Emily giggled. "In the door?"
"Yep." Claire took a bottle of analgesic from the cupboard and shook two tablets into her hand. She swallowed them with a lukewarm glass of water.
"You able to keep her on the line?"
Claire shrugged. "Eight minutes is all."
"Eight ain't nothin'," Emily said. "Anybody else?"
"Just my mother."
Emily's face brightened at the mention. "How's she doing? Was she lucid?"
"So-so. She was at first, but then she drifted." Claire poured the soup into a ceramic mug and carried it to the table with a tiny bag of oyster crackers and a spoon. Sitting down, she picked up the spoon, then set it back down. "You know, it was kind of weird. I just now realized ... I told my caller I specialized in finding lost things."
Emily snorted. "Like a hair stylist! You ever call a salon and ask to speak to somebody that specializes in something? It's always the person who answered the phone. Amazing circumstance, that!"
Claire laughed. "Right. I didn't think anything of it when I said." She frowned. "But Mama ... she called me intentionally. She said she needed to speak to me 'professionally.'"

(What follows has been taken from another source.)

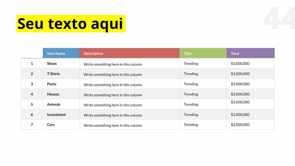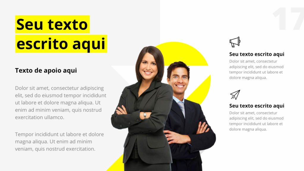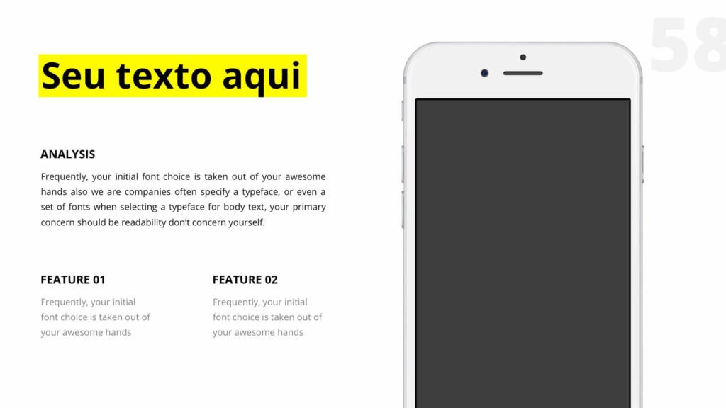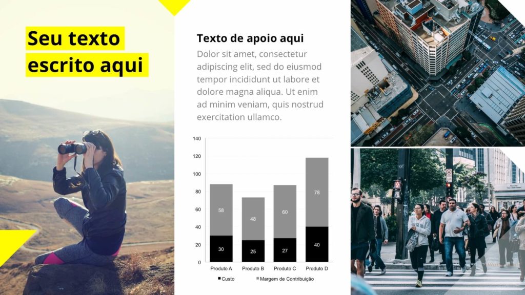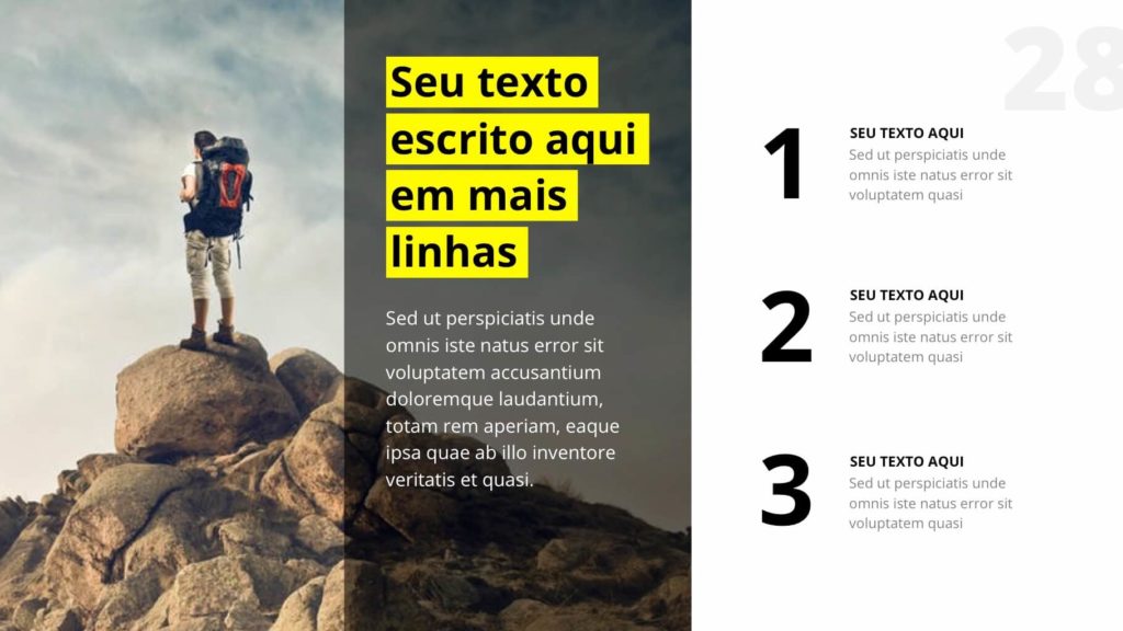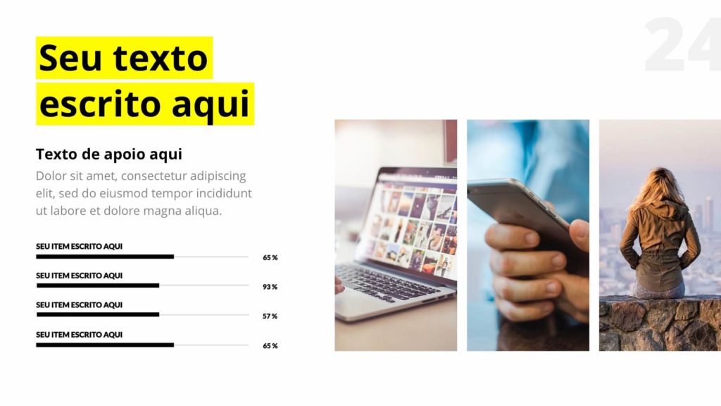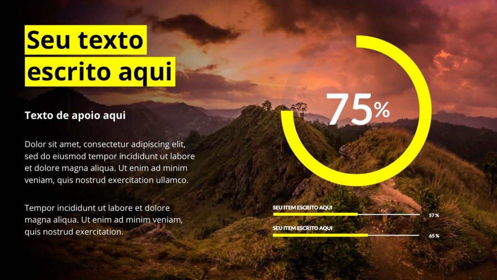 São mais de 60 slides únicos e editáveis. Acompanha fontes, imagens e já vem com as versões prontas para usar no PowerPoint ou Keynote.

Emily's eyebrows shot up. She'd plucked them recently, over-plucked them really, so they were a thin, straight line or sometimes an arrow pointing up. "What did she mean by that?"

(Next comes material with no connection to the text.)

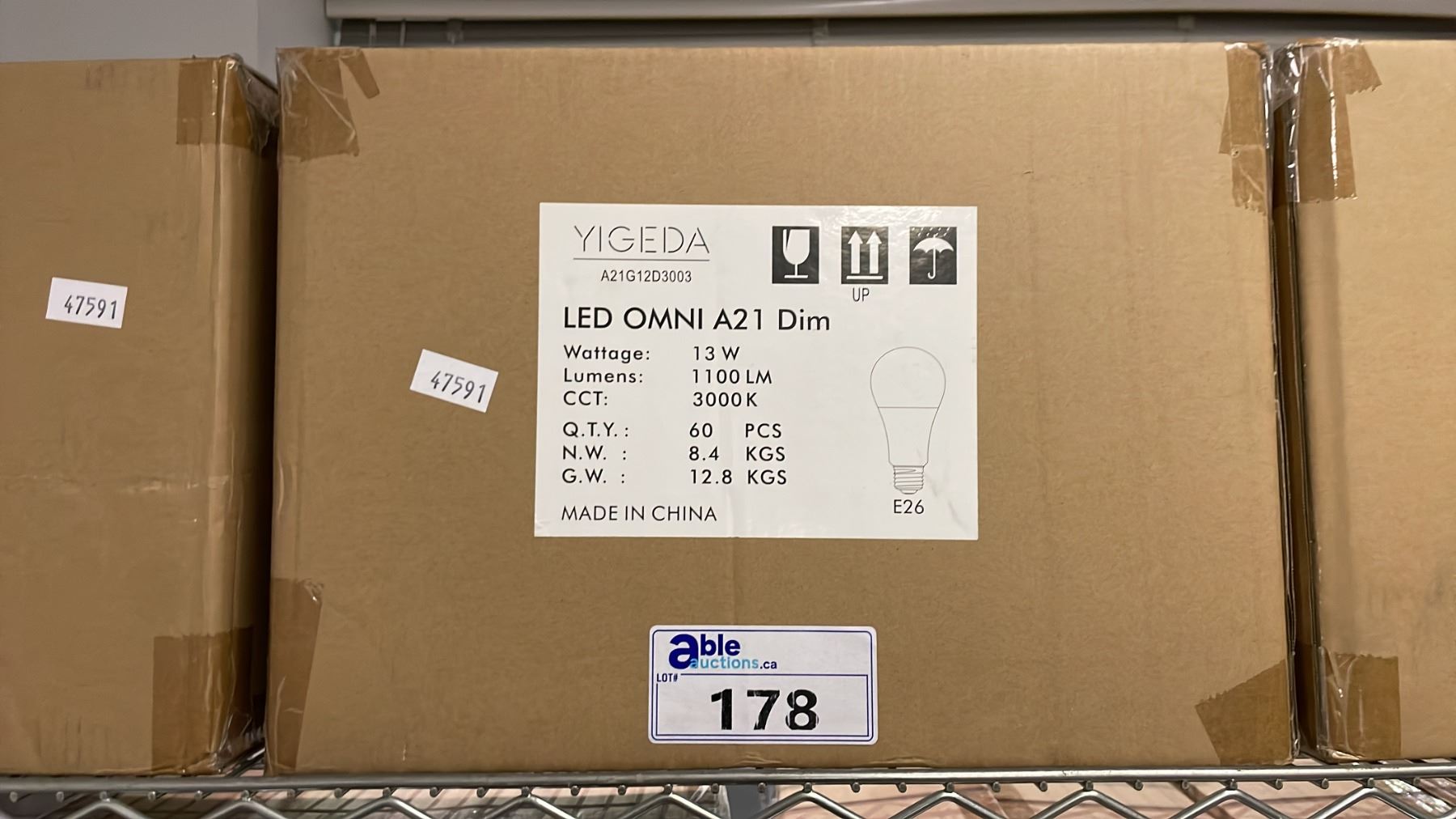 CASE OF 60 YIGEDA LED OMNI A21 DIM E26 LIGHTS 3000K

Claire shook her head. "I don't know. She'd started to drift by then. But she said ... she said I could find things."
Emily's face shone. "Oh, Claire! Maybe that's your Gift! I've always known you have one, and your mother would know if anybody did ... "
Claire raised her hand and held out her palm. Stop! "Emily, please."
"But Claire! You know your mother and your grandmother both had Gifts. It's in your genes!"
Claire's headache bloomed in a red explosion. "Emily, stop. Please." She pressed her fists against her eyes. "I don't believe in that. You know I don't." She stood and stumbled into the bedroom, where she collapsed on the bed, hands still pressed against her eyes.